ELBURN – There soon will be many new features in the old Kountry Kettle building as the former restaurant is transformed into a new dining destination.
New owner Cheryl Groce finalized the purchase of the building at 115 N. Main St. in Elburn on Feb. 28, and by the next day, she was installing a new boiler and water main.
“We knew it was going to be a lot of work,” Groce said of the more than 100-year-old building.
New ceilings, new seating and flooring and a fresh coat of paint are just a few of the improvements that Groce is making to the restaurant that she will rename Rise-n-Dine.
What she is hoping will stay the same is the small-town feel of the diner that has been a hallmark of downtown Elburn for generations.
“I want to keep that mom-and-pop feel where everybody feels at home,” Groce said. “Those places are getting harder and harder to find.”
The history of the building dates to the 1920s, when it was home to the Elburn Bakery. Roy and Elsie Fisher established Fisher’s Café when they took over in 1948, and the Country Kitchen from the early 1970s became the Kountry Kettle and Katering in 1981 with owners Dennis and Angie Lexa.
Mary Whitney, one of the Lexa family’s 15 children, ran the restaurant from 1995 through 2002, when Tim Reed bought the building.
Whitney’s brother recognized the booths from his parents’ restaurant from photos in the Marketplace section of Facebook, where Groce had posted the booths for free. He contacted Groce to ask if he could have one of them for the memories. Groce said he told her he had spent a lot of time as a kid doing his homework in one of those booths.
Groce was happy to oblige.
“There’s a lot of history in this place,” she said.
Groce, who has worked in the restaurant business for many years, managing, waitressing and “jumping into the kitchen” when needed, said she plans to keep the hours more or less the same, although she will reopen the restaurant on Sundays.
She will have her own menu, which she plans to keep simple – “what you’d expect in a country diner”– including specials for each day of the week.
She will hire a cook, a bus person and dishwasher, as well as a few servers, and at least one, Roxanne Cornwell, is happy to stay.
Cornwell had been upset when her boss, former restaurant manager Marlene Hernandez, had told her the restaurant was closing. Certainly, she would have to find a new job, but it was more than that to Cornwell. Groce said she recognized what it was. Groce and her mother had anonymously visited the restaurant a number of times before the closing. She observed the relationship Cornwell had with the regulars, who came in day after day.
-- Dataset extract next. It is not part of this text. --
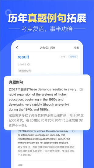 2.乐词依靠新东方教研力量,将英语单词在考试中常用的解释列举出来,配合发音、配图及真题例句,将英语单词解析呈现出来,让大家轻松地背单词!

“I could see the rapport you have with your customers,” Groce told Cornwell when she offered her the job. “They’re not just your customers; they’re like your family.”
Cornwell said she is looking forward to coming back to work at the restaurant when the remodeling is done and it reopens.
Cornwell even has offered to help with some of the redecorating and painting.
Groce said she hopes people will be patient while she gets the place back in shape to reopen, which she hopes will be in late March or early April. She said the village of Elburn has been very easy to work with, so that “should keep things moving.”
Lynn Meredith, who was born and raised in Elburn, said she remembers the restaurant as a place where her father, a farmer, would gather with farmers and others in the morning for coffee and conversation, and her mother would join her friends and others to socialize, as well.
“It was always a place where people could meet up with others they knew, but might not see otherwise, and talk about their daily lives,” she said.
Meredith, who moved away for a time and is back and currently teaching yoga classes at the Town & Country Library, said she and members of her classes often stop at the restaurant after class, where they have gotten to know each other better.
“It’s nice to have a place where you can do that,” she said. “It’s casual, and it’s not noisy, and the food is like what you might have at home. The portions are regular sizes and the prices are reasonable.
“It’s a place that you could eat at every day. To see that go away would be sad. I’m so glad it will continue on.”